Low, medium and high categories correspond to sex-specific 1st, 2nd, and 3rd tertiles

b

NSAID = non-steroidal anti-inflammatory drug (not including aspirin); PUFA = polyunsaturated fatty acid

The continuous dietary variables reflecting pro-oxidant (unsaturated fat and iron) and antioxidant (vitamin C, lycopene, α-carotene, β-carotene, lutein, β-cryptoxanthine, vitamin E and selenium) exposures were divided into low, medium, and high categories based on each exposure’s sex-specific tertiles. For antioxidants, the first through third tertiles were assigned 0 through 2 points, respectively, whereas the corresponding point assignment for pro-oxidants was the reverse (0 points for the highest tertile and 2 points for the lowest tertile).
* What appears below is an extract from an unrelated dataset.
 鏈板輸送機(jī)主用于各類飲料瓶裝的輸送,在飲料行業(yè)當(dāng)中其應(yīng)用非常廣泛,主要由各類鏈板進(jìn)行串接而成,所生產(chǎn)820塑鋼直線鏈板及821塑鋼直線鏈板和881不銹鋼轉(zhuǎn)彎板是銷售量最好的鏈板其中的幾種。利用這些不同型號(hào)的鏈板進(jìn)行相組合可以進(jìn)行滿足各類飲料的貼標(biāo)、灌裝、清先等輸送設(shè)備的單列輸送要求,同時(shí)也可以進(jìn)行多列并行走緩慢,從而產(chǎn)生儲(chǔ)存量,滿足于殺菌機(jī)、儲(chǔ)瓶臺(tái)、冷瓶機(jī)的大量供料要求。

A similar scoring approach was used for pro-oxidant and antioxidant categorical variables. For antioxidant aspirin and NSAID use, 0 points were assigned to participants with no regular use, 1 point to those with unknown or missing data, and 2 points to those with regular use. For pro-oxidant alcohol consumption, non-drinkers, moderate drinkers (1–7 drinks/week for women and 1–14 drinks/week for men), and heavy drinker (>7 drinks/week for women and >14 drinks/week for men) received 2, 1 and 0 points, respectively (table 1).

Outcome Measures

We defined albuminuria as urine albumin/creatinine ratio ≥30mg/g at baseline. Macroalbuminuira was defined as urine albumin/creatinine ratio > 300mg/g. CKD was defined as estimated glomerular filtration rate < 60ml/min calculated by the CKD-EPI equation. The eGFR at baseline was calculated using the CKD-EPI [36] equation using isotope dilution mass spectrometry-calibrated creatinine. Incident ESRD was determined by linkage of the REGARDS study participants to the United States Renal Data System (USRDS) via personal identifiers. ESRD was defined as chronic renal failure requiring permanent renal replacement therapy such as dialysis or transplant [28]t. ESRD status was determined through August 31, 2009.

Covariates

Age, sex, race, smoking, income and educational attainment were self-reported. Region was classified as stroke belt, stroke buckle and other; caloric intake was obtained from the FFQ and analyzed as a continuous variable. We adjusted for systolic blood pressure (sbp), diastolic blood pressure (dbp), baseline eGFR and total cholesterol as continuous variables. Coronary Artery disease (CAD) was defined as History of Heart Disease (self-reported myocardial infarction (MI)), coronary artery bypass, angioplasty, or stenting OR evidence of MI via electrocardiogram.. Diabetes was defined as fasting blood glucose ≥ 126mg/dl, non-fasting blood glucose ≥ 200mg/dl or self-reported use of insulin or oral hypoglycemic agents. Statin use was self-reported. The waist circumference was measured in cm during the in-home visit. Physical activity was assessed by asking how many times participants engaged in intense physical activity enough to work up a sweat (we assessed physical activity as 1–3 times a week and above vs other).

Statistical Analysis

The baseline characteristics of the study population were reported for the overall population and across OBS quartiles. Differences in baseline characteristics between the four OBS quartiles were tested using ANOVA for continuous variables and chi square statistics for categorical variables.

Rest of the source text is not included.